Top of INFORMATION SUPPLIED
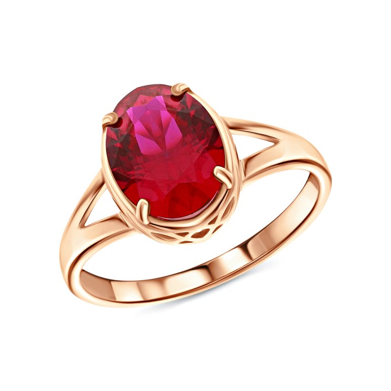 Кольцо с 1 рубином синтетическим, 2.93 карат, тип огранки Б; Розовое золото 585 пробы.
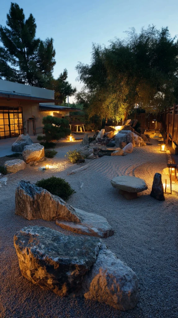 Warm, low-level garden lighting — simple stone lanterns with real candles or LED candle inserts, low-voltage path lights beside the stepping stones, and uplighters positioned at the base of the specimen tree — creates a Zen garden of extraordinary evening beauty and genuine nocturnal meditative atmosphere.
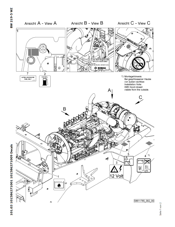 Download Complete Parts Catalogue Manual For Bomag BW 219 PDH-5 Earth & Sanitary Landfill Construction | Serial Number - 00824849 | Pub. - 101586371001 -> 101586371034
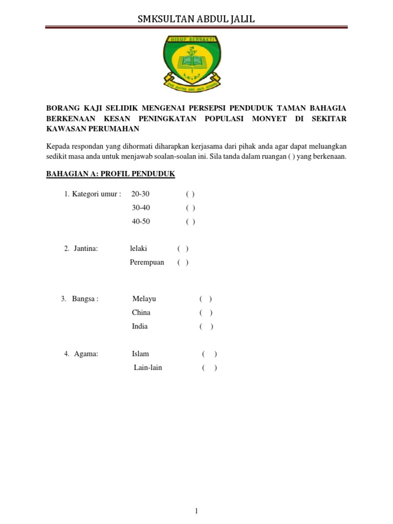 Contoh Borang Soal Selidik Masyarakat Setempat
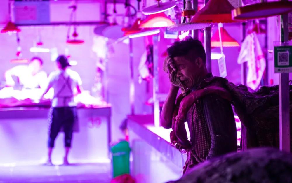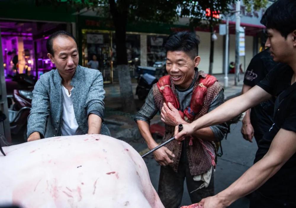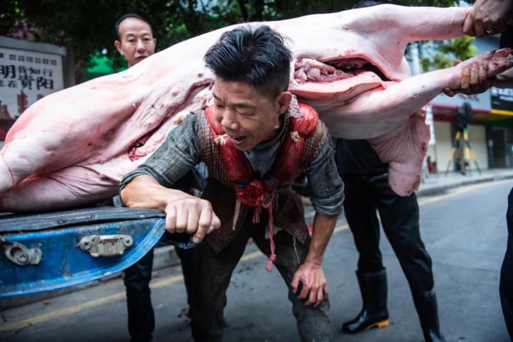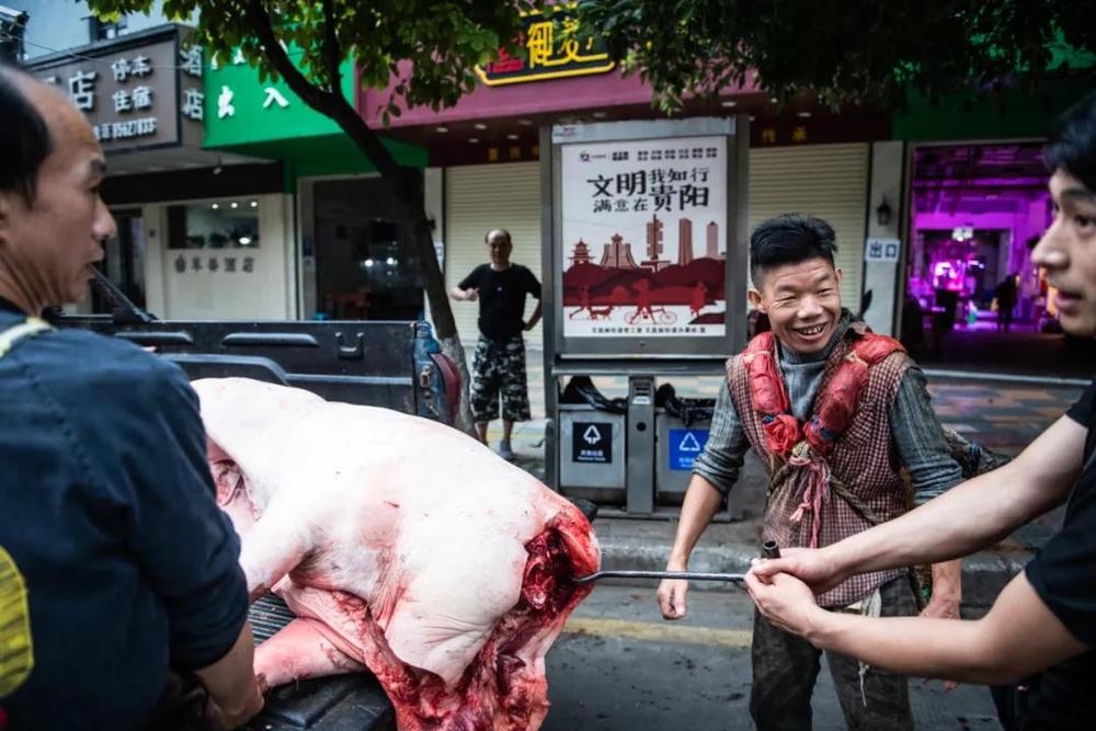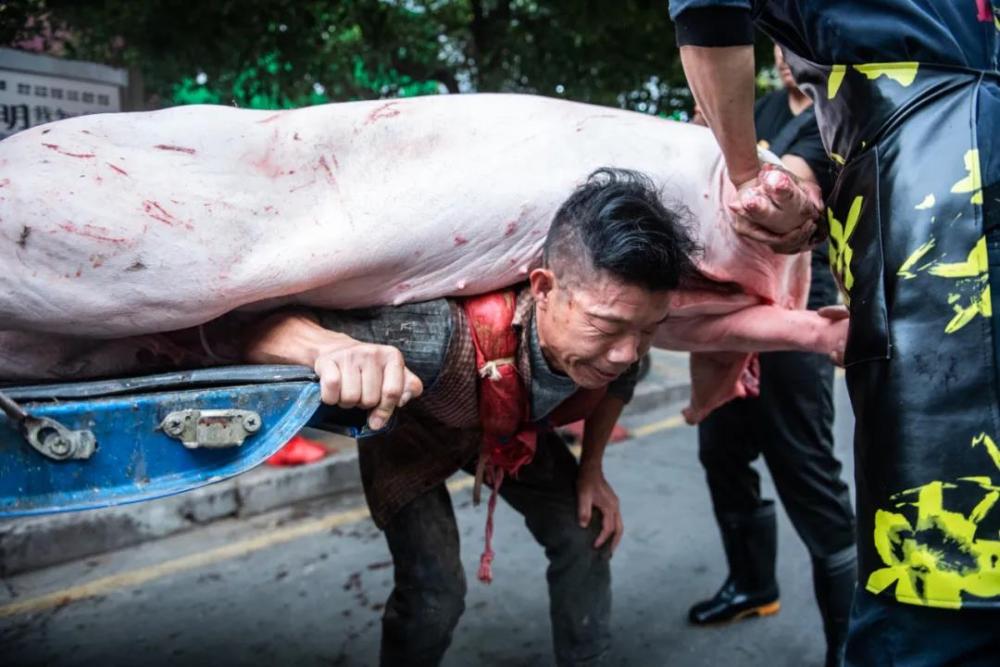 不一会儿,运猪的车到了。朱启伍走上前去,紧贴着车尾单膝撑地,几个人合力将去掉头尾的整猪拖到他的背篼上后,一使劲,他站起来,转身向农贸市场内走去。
Bottom of INFORMATION SUPPLIED
Top of INFORMATION SUPPLIED
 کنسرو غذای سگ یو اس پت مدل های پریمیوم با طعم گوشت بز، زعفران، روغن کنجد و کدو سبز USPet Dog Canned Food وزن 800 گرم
Bottom of INFORMATION SUPPLIED
Top of INFORMATION SUPPLIED
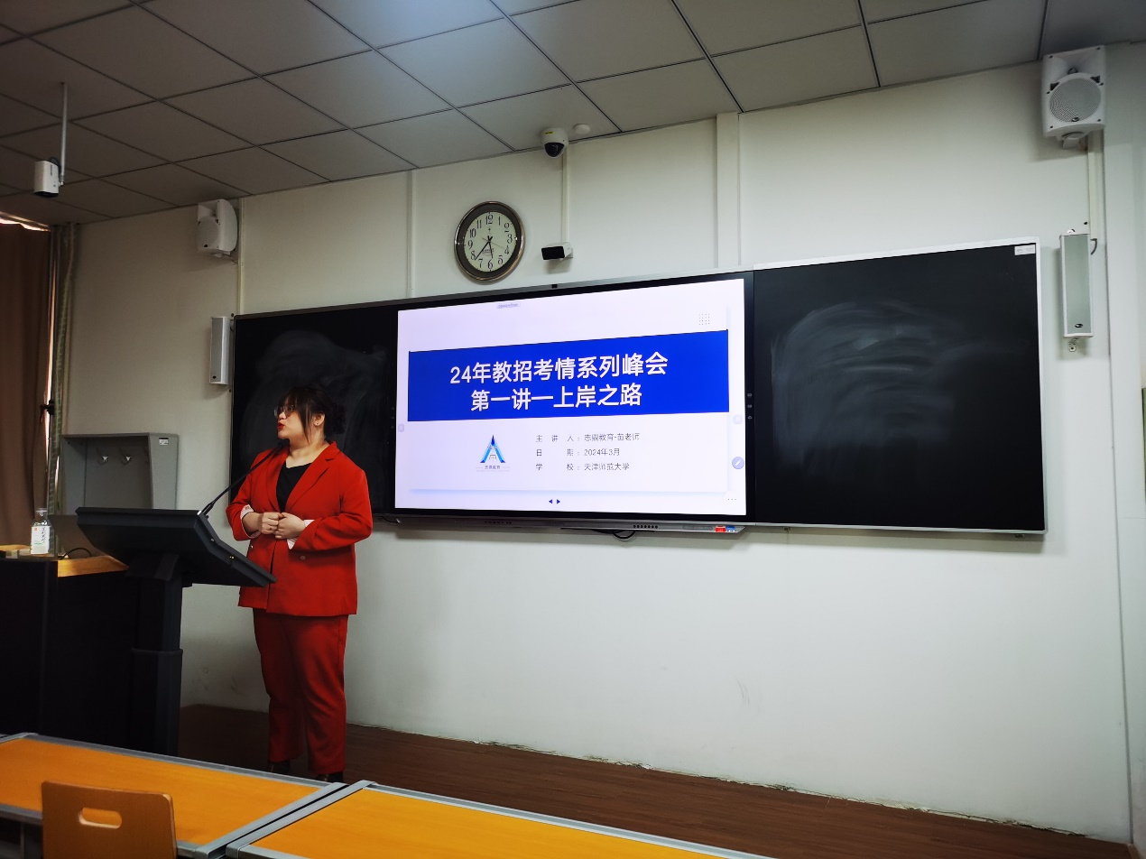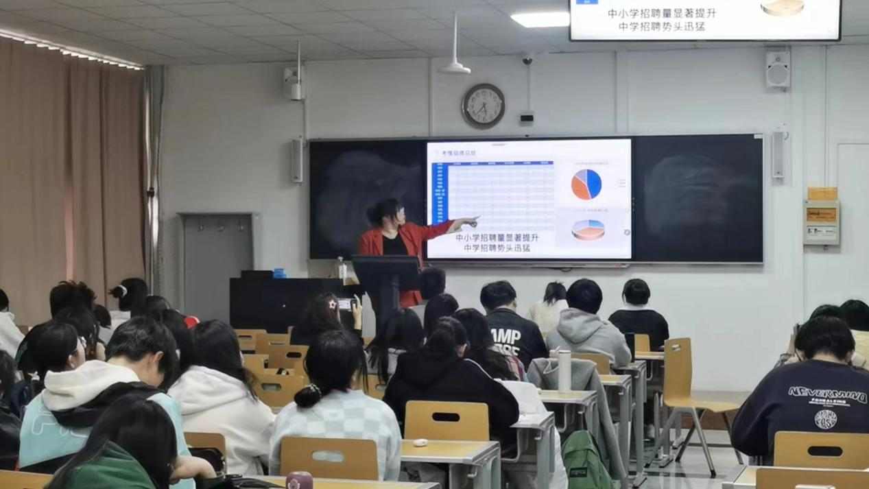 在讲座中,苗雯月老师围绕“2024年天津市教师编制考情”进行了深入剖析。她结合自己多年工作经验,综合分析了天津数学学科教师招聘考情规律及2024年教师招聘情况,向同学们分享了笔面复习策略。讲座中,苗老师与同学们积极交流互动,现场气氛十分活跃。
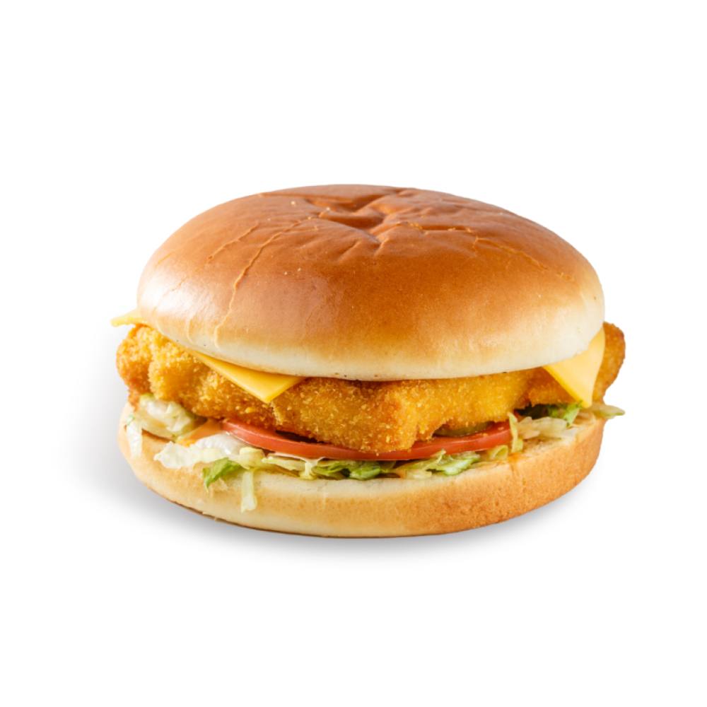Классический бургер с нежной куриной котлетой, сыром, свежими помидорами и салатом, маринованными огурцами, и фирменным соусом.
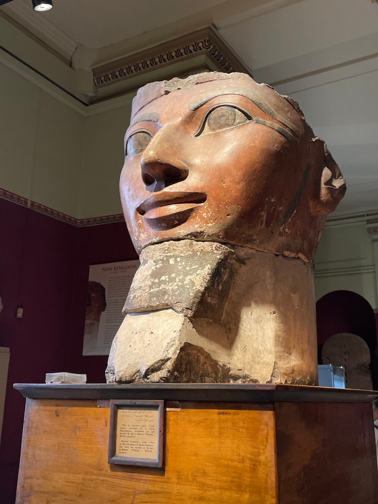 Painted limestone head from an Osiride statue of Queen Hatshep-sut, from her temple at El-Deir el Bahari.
Bottom of INFORMATION SUPPLIED
## WHAT THIS TASK INVOLVES:
Every line above from the one with "Кольцо с 1 рубином" down to the one with "不一会儿,运猪的车到了。朱启" must be written out exactly, and no picture may appear.

## RESPONSE:
 Кольцо с 1 рубином синтетическим, 2.93 карат, тип огранки Б; Розовое золото 585 пробы.
 Warm, low-level garden lighting — simple stone lanterns with real candles or LED candle inserts, low-voltage path lights beside the stepping stones, and uplighters positioned at the base of the specimen tree — creates a Zen garden of extraordinary evening beauty and genuine nocturnal meditative atmosphere.
 Download Complete Parts Catalogue Manual For Bomag BW 219 PDH-5 Earth & Sanitary Landfill Construction | Serial Number - 00824849 | Pub. - 101586371001 -> 101586371034
 Contoh Borang Soal Selidik Masyarakat Setempat
 不一会儿,运猪的车到了。朱启伍走上前去,紧贴着车尾单膝撑地,几个人合力将去掉头尾的整猪拖到他的背篼上后,一使劲,他站起来,转身向农贸市场内走去。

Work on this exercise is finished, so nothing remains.